Interstellar emission model
Consideration (1) implies that a
model of the direction and energy dependence of the interstellar emission of
the Milky Way is needed for the high-level analysis. This emission is from cosmic-ray collisions with interstellar gas
and photons and it is present in any direction on the sky although most intense
from directions close to the plane of the Galaxy. More than 60% of the celestial gamma rays detected by EGRET were
interstellar emission. The emission can
have structure on fine angular scales, and an accurate model will be useful for
distinguishing low-latitude point sources from unresolved diffuse emission and
for accurately determining positions and fluxes of point sources. (In addition, an accurate model of
interstellar emission at high latitudes will be essential for estimating the
truly diffuse extragalactic emission.)
The development of models of
interstellar emission is fairly well understood after more than two decades of
application in high-energy gamma-ray astronomy.
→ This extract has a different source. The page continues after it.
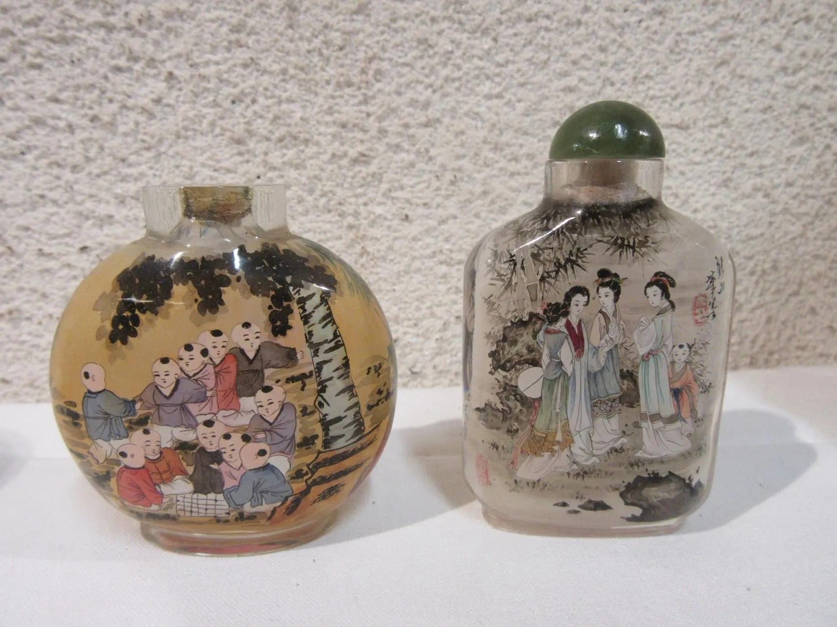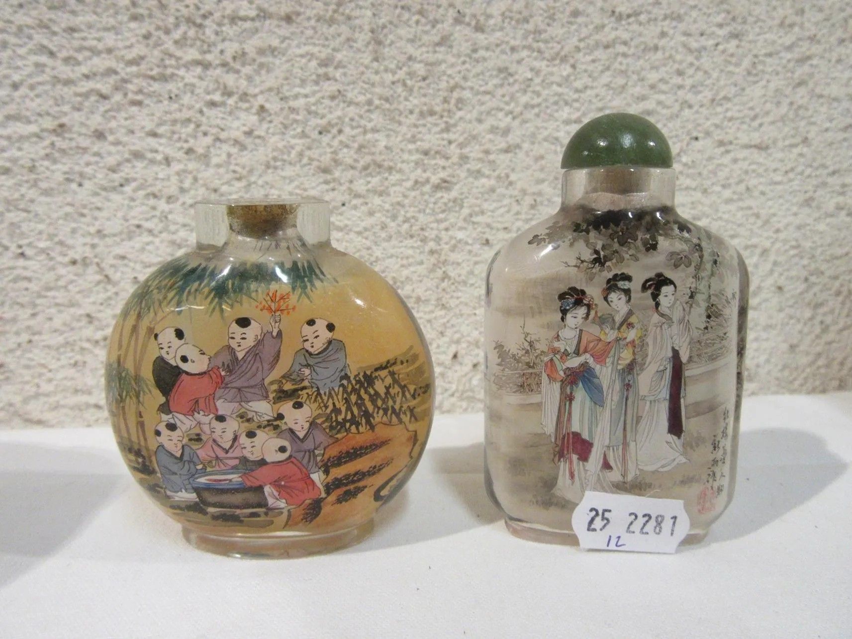 344-39 DEUX FLACONS A TABAC EN VERRE PEINT A DECOR DE PERSONNAGES - Hauteur 7/8.5 cm (un bouchon manquant 30 - 40 EURO

Advances that we will take advantage of for the LAT include
higher-resolution surveys of the interstellar medium than were available for
EGRET analysis, and modern calculations of cosmic-ray production and
propagation that include constraints from cosmic-ray isotope abundance ratios
and other local measurements.
Likelihood analysis
Also regarding (1), model fitting
in high-energy gamma-ray astronomy has long used the likelihood function as the
measure of goodness of fit (e.g., Pollock et al. 1981). Variations of the likelihood function (which
defines the likelihood of the data given the model) with respect to the various
parameters of the model can be used to quantitatively determine confidence
ranges.
For EGRET and preceeding missions,
the likelihood analysis was based on binned maps of photons, i.e., by comparing
the predicted and observed numbers of photons in bins of energy and region of
the sky. Information is lost in binning, and in principle the most sensitive
analyses can be performed using unbinned implementations of the likelihood
function, where the contribution to the likelihood function of each photon is
treated individually, using the response functions that apply to that
photon. Unbinned analysis is much more
computationally intensive, and is less well-behaved numerically, with results
often being the small difference between two large numbers.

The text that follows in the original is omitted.